We experimentally tested the effect of nutrient balance (i.e. nutrient ratios) on phytoplankton resource use efficiency (RUE) and biomass, and how the nutrient context mediates biodiversity-ecosystem functioning (BEF) relationships. Although these aspects have been theoretically analyzed and investigated through modelling, they lacked experimental evidence. A phytoplankton diversity gradient was generated by dilution of a natural community obtaining a rare species gradient. These communities were exposed to different nitrogen (N) and phosphorus (P) concentrations with uniform (i.e. same) N:P ratios, and to a N:P ratio gradient. Therewith, conditions with different variability in resource supply were generated. Our results showed that imbalanced N:P ratios did not result in a phytoplankton biomass decline as suggested by theory. However, a wide range of nutrient conditions was fundamental to mediate phytoplankton diversity effects on RUE and standing biomass supporting the idea that positive BEF relationships are detected when combining variable environmental conditions and high diversity as proposed in conceptual and modelling studies. These results suggest that rare species might have an important role in maintaining ecosystem processes under environmental changing conditions.

Overall, the manuscript provides experimental evidence on theoretical predictions (some accepted and some rejected) regarding the relationship among diversity, resource availability, and community biomass: a subject widely covered from a conceptual point of view (but neglected experimentally) and with great relevance in a context of biodiversity crisis and its consequences on ecosystem functioning. At the same time, the experimental design aimed to approach conditions closer to nature by: simulating non-random species losses (generating a gradient of rare species), manipulating a species diversity as high as in natural lakes, using species that co-occur in nature and have the same environmental history.

Fig. 2. Graphical summary of the shortlisted manuscript. We incubated a phytoplankton diversity gradient made up of six levels (D1-D6) under different nutrient concentrations (low and high nitrogen and phosphorus levels) in mesocosms and under a nutrient ratio gradient (25 N:P levels) in microcosms. We measured biomass as particulate organic carbon (POC) and found: i. that imbalanced ratios (high N:P supply ratios in this case) did not decline phytoplankton biomass as suggested by theory, and ii. that diversity had a positive effect on biomass under a wide range of nutrient conditions (variable ratios), but not when ratios were similar.

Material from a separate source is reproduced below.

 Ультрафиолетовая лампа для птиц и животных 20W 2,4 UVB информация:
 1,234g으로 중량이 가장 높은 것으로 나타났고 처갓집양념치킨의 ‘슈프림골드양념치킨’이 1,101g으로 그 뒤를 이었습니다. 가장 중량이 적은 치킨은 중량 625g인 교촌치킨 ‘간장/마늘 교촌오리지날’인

🌿Current research: Variability and collaboration

One of my general career objectives is to find ways of linking different disciplines within ecology, combining theory, experimental approaches and field observations, and make the resulting knowledge accessible to managers and policy makers. I truly believe that cooperation is the way to approach fundamental anthropic impacts on our ecosystems, and is even more important considering the global changes we are facing. However, international collaborations might be challenging since different cultures and socio-economic context are involved. In order to contribute to this aspect, my project involves a collaboration among Uruguay, Brazil and Germany, in an attempt to enhance the network between South America and Europe.

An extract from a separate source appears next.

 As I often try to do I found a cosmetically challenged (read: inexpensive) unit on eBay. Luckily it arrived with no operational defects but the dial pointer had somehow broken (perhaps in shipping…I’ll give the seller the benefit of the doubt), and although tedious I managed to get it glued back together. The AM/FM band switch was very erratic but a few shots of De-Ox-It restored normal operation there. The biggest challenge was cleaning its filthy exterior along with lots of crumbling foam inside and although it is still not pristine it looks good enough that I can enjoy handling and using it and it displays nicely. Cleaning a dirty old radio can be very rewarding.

Specifically, I investigate plankton communities’ responses to environmental change, using experimental approaches at different scales to develop a mechanistic understanding of the involved processes. My aim is to fill relevant gaps of knowledge in the exciting field of environmental variability under multiple stressor context and contribute to aquatic ecology by experimentally testing theoretical predictions about changes in mean and fluctuating temperature at the community level in closer to nature scenarios.